Il paradosso è che ciò avviene proprio
quando la Casa Bianca, sempre così piena di buone intenzioni verso i popoli del
sud, decide di convergere su due fulcri di un stesso discorso interventista:
dialogare con i cubani (da intendersi quelli di Miami) per decidere quali
sanzioni affibbiare all’isola, e dotare Cuba di una “nuova infrastruttura
Internet gratuita” affinché possiamo essere felici.

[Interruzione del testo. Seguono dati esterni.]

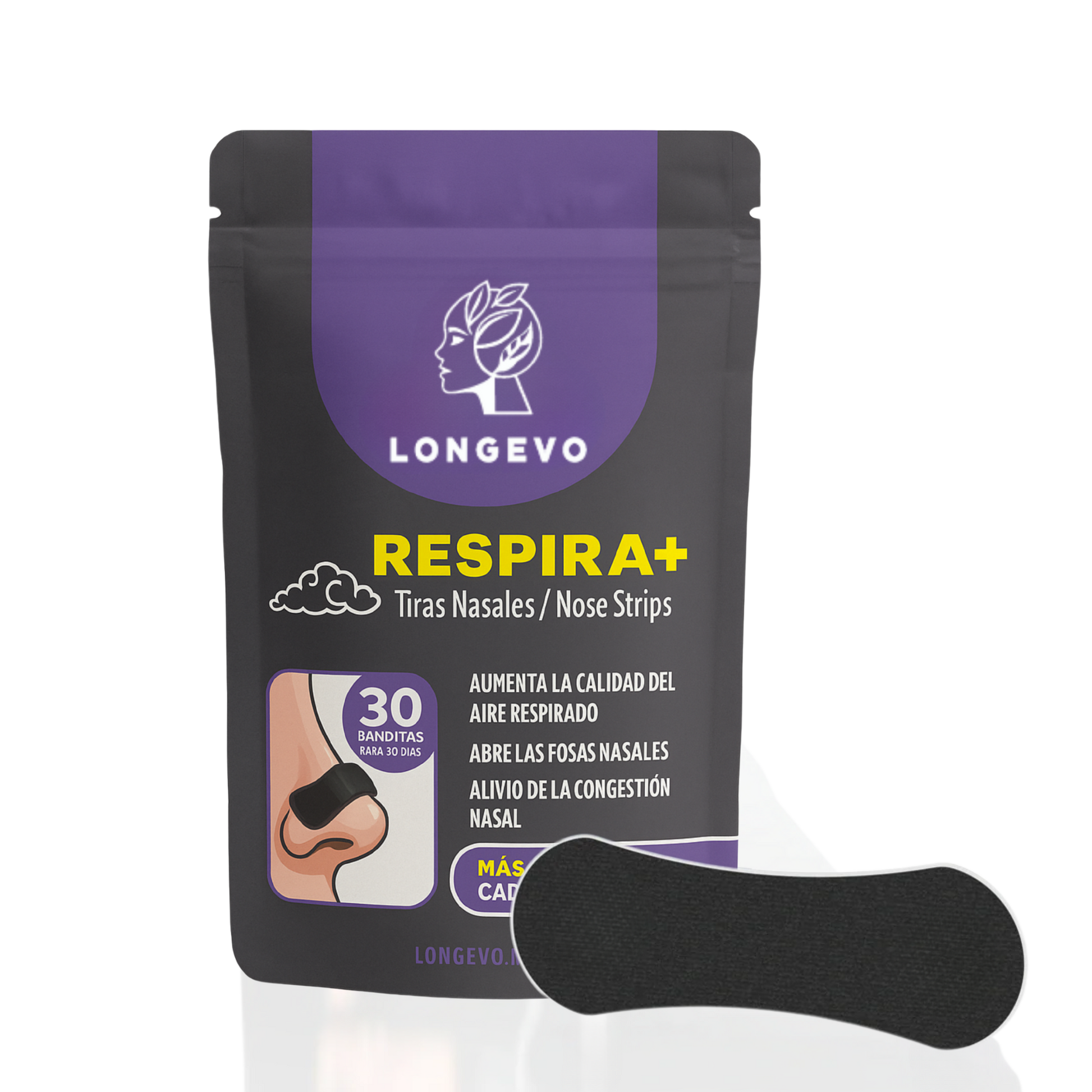 Las tiras nasales Longevo Respira+ están diseñadas para abrir suavemente las fosas nasales y mejorar el flujo de aire con cada inhalación. Ideales para quienes buscan dormir profundamente, aliviar la congestión o dejar de respirar por la boca por las noches.
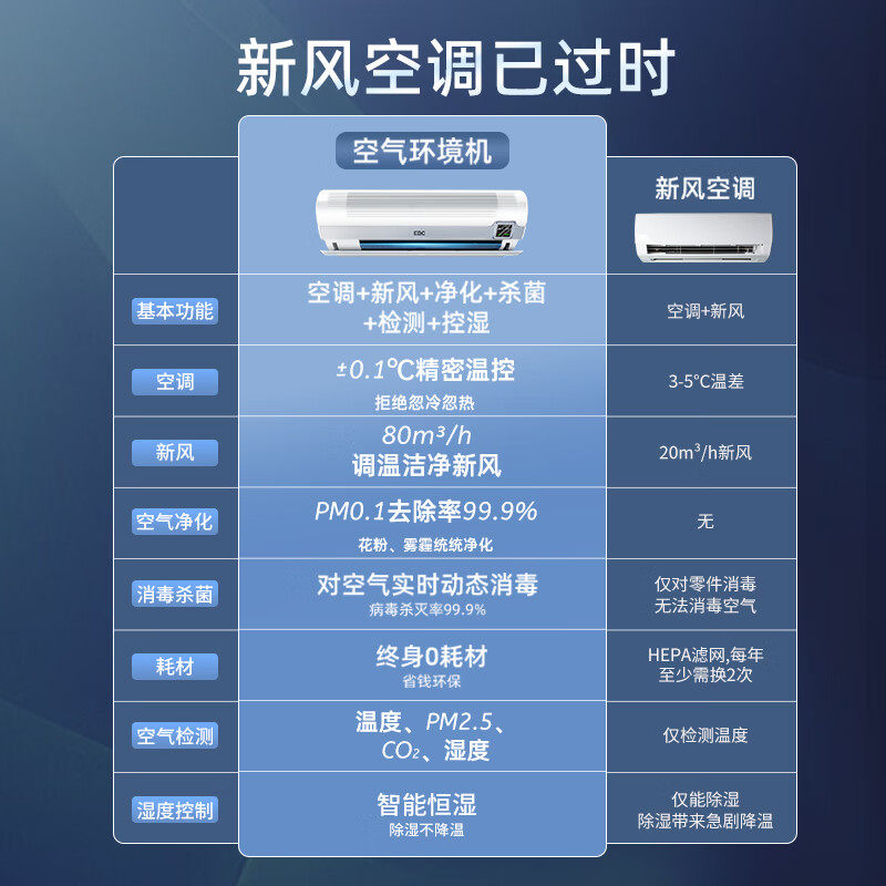 【补贴20%】EBC空气环境机新风空调除甲醛净化大1匹消毒儿童健康
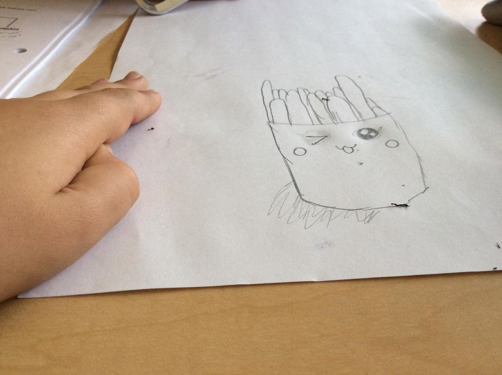 Start with blank paperDraw a curved lineAdd a sideOther sideBottomAll the friesLike thsiHighlights!Kawaii cheeksNuaColor inHi!Add the shadow, and your e done ✅

Il dialogo con i cubani (di Miami), che
non vogliono parlare con Biden, per il quale non hanno votato e ancora credono
che che abbia rubato le elezioni contro Donald Trump, è visto come una
stravaganza della politica estera statunitense. David Brooks, corrispondente
negli USA del giornale La Jornada, ha
riferito qualche giorno fa dell’incontro di Biden con un gruppetto di
cubani-statunitensi alla Casa Bianca per ascoltare le loro opinioni su ciò che
succede nell’isola, anche se la maggior parte dei presenti non mette piede nel
nostro arcipelago da molto tempo. Il senatore Robert Menéndez, ad esempio, ha visto una palma cubana soltanto in fotografia,
mentre l’imprenditore Emilio Estefan sono 58 anni che non sa più come brilla il
faro del Morro di Santiago de Cuba, terra che lo ha visto nascere.
Tuttavia, come afferma Brooks, esperti
di politica estera e relazioni bilaterali “confermano che quello di Cuba è
l’unico caso in cui Washington, sotto governi di entrambi i partiti, consulta
la diaspora di un paese all'interno degli USA per elaborare una politica verso
questa nazione”.
Il caso di Internet è ancora più strano.
Washington accusa il governo cubano di essere nemico di Internet, ma blocca
applicazioni che sono di uso comune in qualsiasi altra parte del mondo.
Promette una nuova infrastruttura con palloni aerostatici e altre proposte
surreali, però in questi giorni ha sottoposto Cuba a tutta una serie di
attacchi informatici in rete e alla cyberguerra diretta.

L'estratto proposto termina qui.